Here I am now, a published author, twenty-two years since I first heard the words, “You’ve got cancer.” I saw my daughter graduate, she married a wonderful man in 2014 and I was present when both my grandchildren came into the world. Yes, life has been hard, really difficult at times, but I have no regrets what so ever. I’m so in love with my family and I have the most amazing friends that surround me so no, I wouldn’t go back and change a thing if it meant I couldn’t be exactly where I am today.
From the back of the book
Happiness is finally within reach for best friends, Amber, Dominque, Debra and Zya. But fate has other plans…
Pregnant and widowed, Debra is engaged to suave and charming Italian heartthrob Roberto. So why does her heart race when she thinks about her therapist, Brian? Has she said yes to the wrong man?
Dominque has found the love and acceptance she always longed for with Tad. But devastating news soon threatens their future together.

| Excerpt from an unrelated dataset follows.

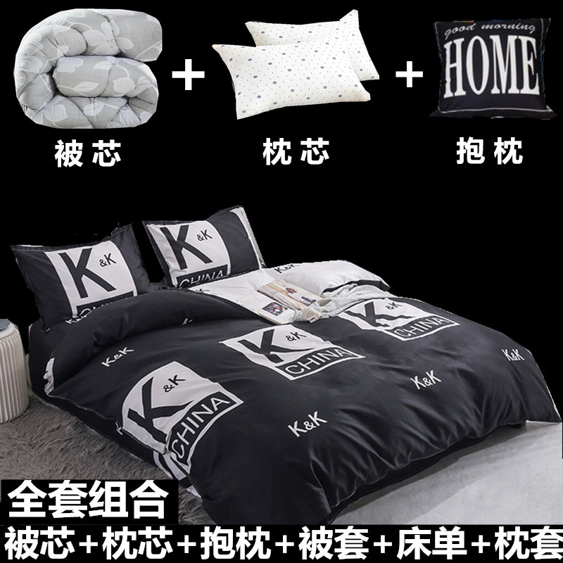 男生宿舍四件套ins风黑色被罩床上用品学生N单人被套床单三件套34

Successful fashion designer Zya has discovered her own unexpected happily ever after with Tina . . . until her daughter, Ashanti is bullied and becomes the focus of a police investigation and the media. Now Zya suddenly stands to lose everything she holds dear.

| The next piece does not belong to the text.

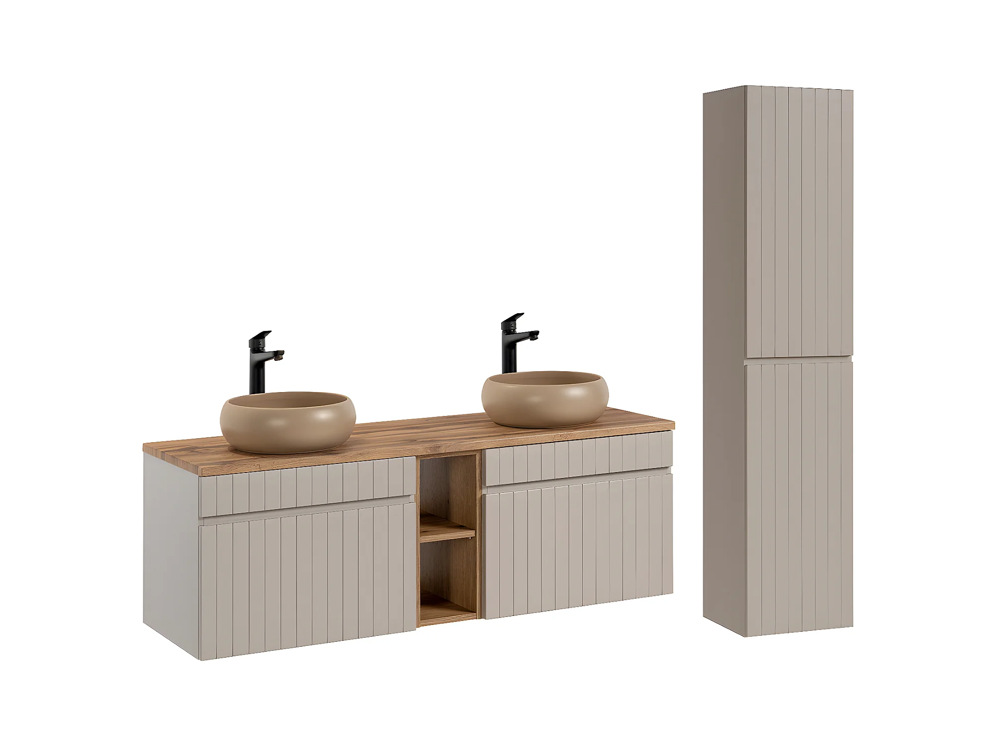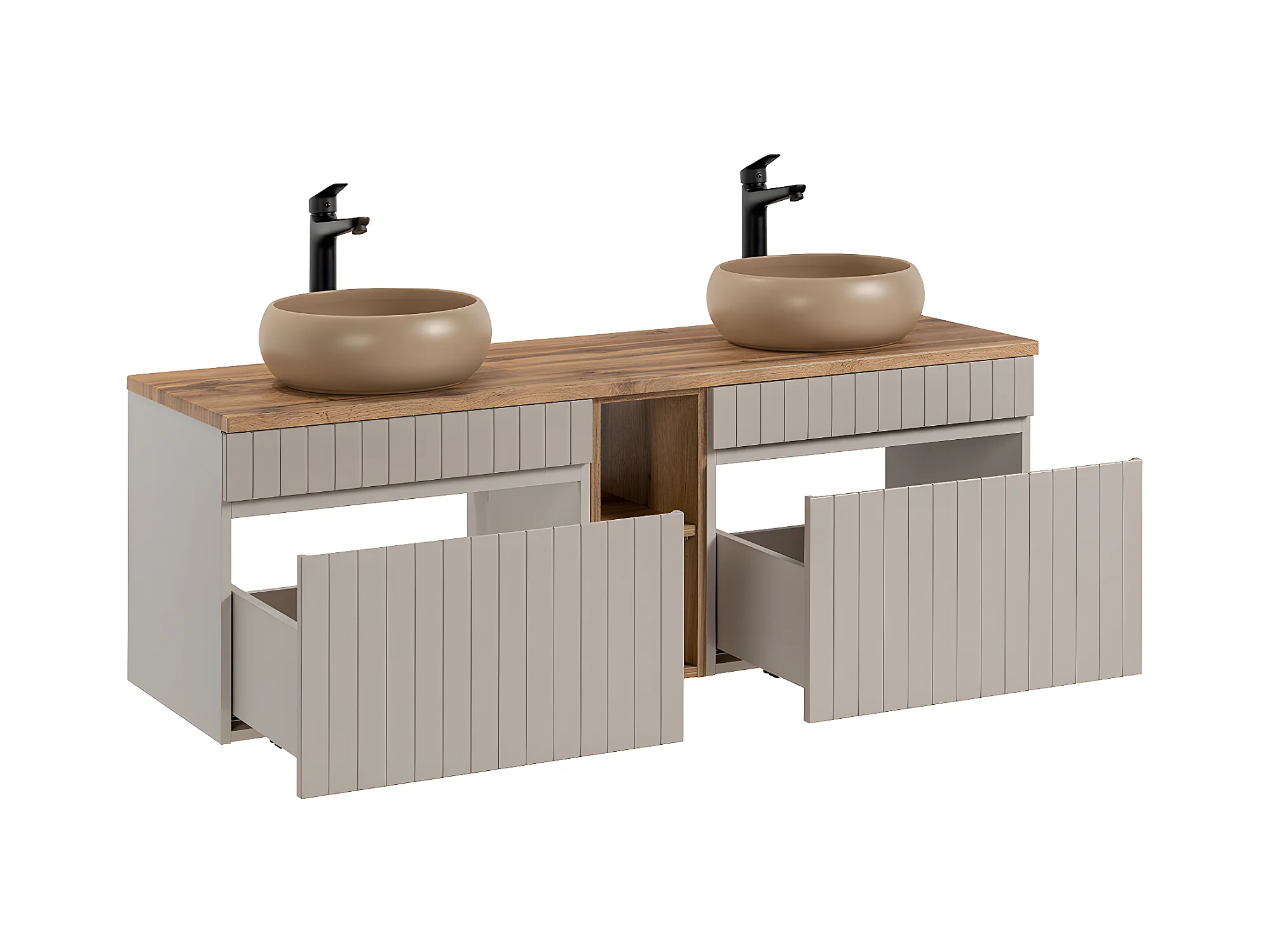 Adriel Cashmere hout- en steeneffect dubbele wastafel 140cm 2 nissen en sokkel

Finally, together with the only man she’s ever loved, Amber is determined to not let anything come between her and Patrick—not even her jealous and vindictive identical twin sister. But someone is watching . . . waiting for the right moment to destroy her . . .

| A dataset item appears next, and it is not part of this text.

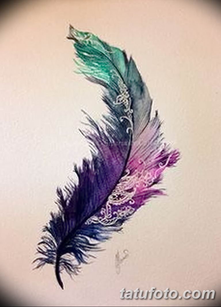 ![Тату перо цветное]()

Will the women get their happy ending, or is it déjà vu all over again? Find out in the dramatic and suspenseful second book of the Unbroken series.
More about the author
After 35+ years in operations for various businesses (including her own), Melody pursued her dream of writing a novel. Having written for business publications, local magazines and even publishing a poem, Chemo’s not for Sissies, during treatment after her first cancer diagnosis, it was time to finish the novel that was started many years ago. When she started writing, “Facade: Things Aren’t Always as They Appear,” she had no idea where her characters were going to take her. “The story basically wrote itself. It was like a movie projector playing in my mind,” is how she describes her experience. It soon became apparent, their voices were not to be silenced… “The Unbroken Series” was born. “Deja Vu: Here We Go Again,” Book II, to be released June 23, 2020, followed by C’est la Vie, Book III, in December.
Melody lives with her husband in her native home state Florida. She’s blessed to be alive today after two cancer diagnoses and enjoys watching her grandchildren grow up; something she doesn’t take for granted.